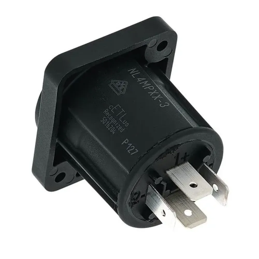 Neutrik NL4MPXX — это высококачественный панельный разъём SpeakON, предназначенный для подключения акустических систем и усилителей. Данный коннектор является 4‑контактным (4‑pole) и рассчитан на надёжное и долговечное соединение благодаря поворотному механизму фиксации (twist‑lock) с металлической вставкой, что гарантирует контакт только при полном закрытии фиксации.
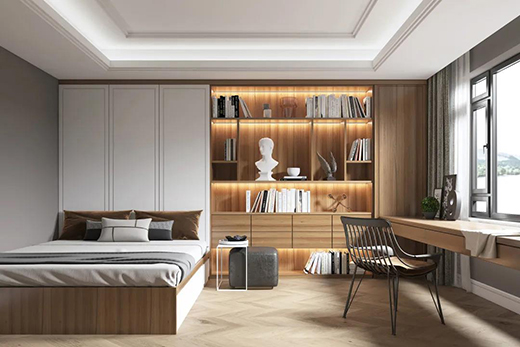 生活多浮躁,家居則需要多一些沉穩、溫潤柔和,棕色系板材是不錯的選擇,通過與白色搭配,顏色相輝映讓空間層次分明,源于大地色系的棕色本身自帶沉靜內斂的特點,傳承著自然的包容性,也會讓心更放松寬廣。
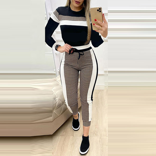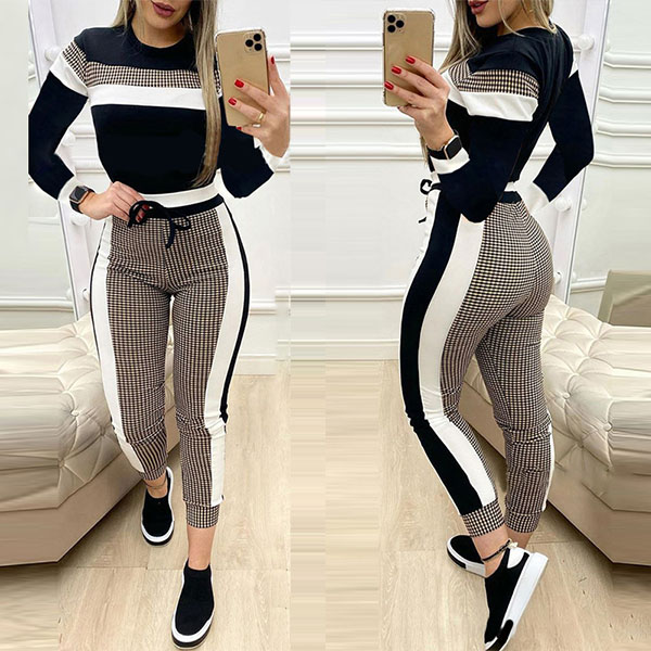 Fashion Plaid Spliced Long Sleeve Round Neck Top + Pants Two-piece Set
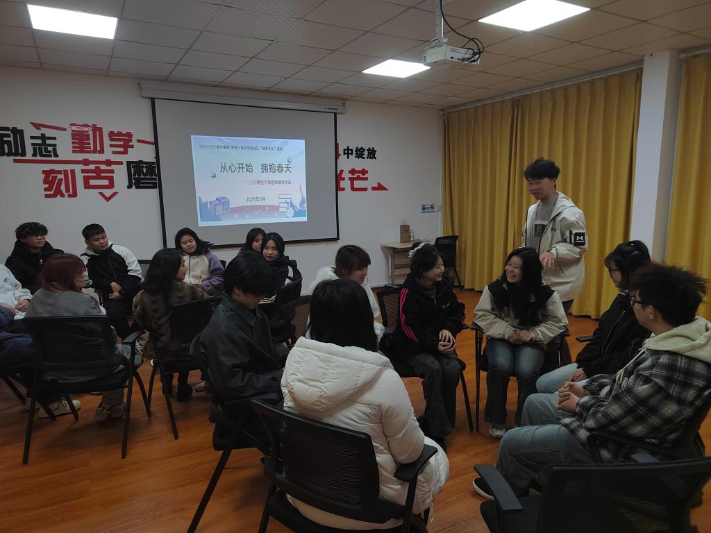 3月19日,学校心理中心在青年活动室为心理委员骨干开展了以“从心开始,拥抱春天”为主题的一站式学生社区筑梦文化活动。本次活动由心理中心张平平老师主持,全体心理委员骨干共20余人参加。

----

PROBLEM REQUIREMENTS:
Word-for-word transcription: the whole listing, with images excluded.

ANSWER BELOW:
 Neutrik NL4MPXX — это высококачественный панельный разъём SpeakON, предназначенный для подключения акустических систем и усилителей. Данный коннектор является 4‑контактным (4‑pole) и рассчитан на надёжное и долговечное соединение благодаря поворотному механизму фиксации (twist‑lock) с металлической вставкой, что гарантирует контакт только при полном закрытии фиксации.
 生活多浮躁,家居則需要多一些沉穩、溫潤柔和,棕色系板材是不錯的選擇,通過與白色搭配,顏色相輝映讓空間層次分明,源于大地色系的棕色本身自帶沉靜內斂的特點,傳承著自然的包容性,也會讓心更放松寬廣。
 Fashion Plaid Spliced Long Sleeve Round Neck Top + Pants Two-piece Set
 3月19日,学校心理中心在青年活动室为心理委员骨干开展了以“从心开始,拥抱春天”为主题的一站式学生社区筑梦文化活动。本次活动由心理中心张平平老师主持,全体心理委员骨干共20余人参加。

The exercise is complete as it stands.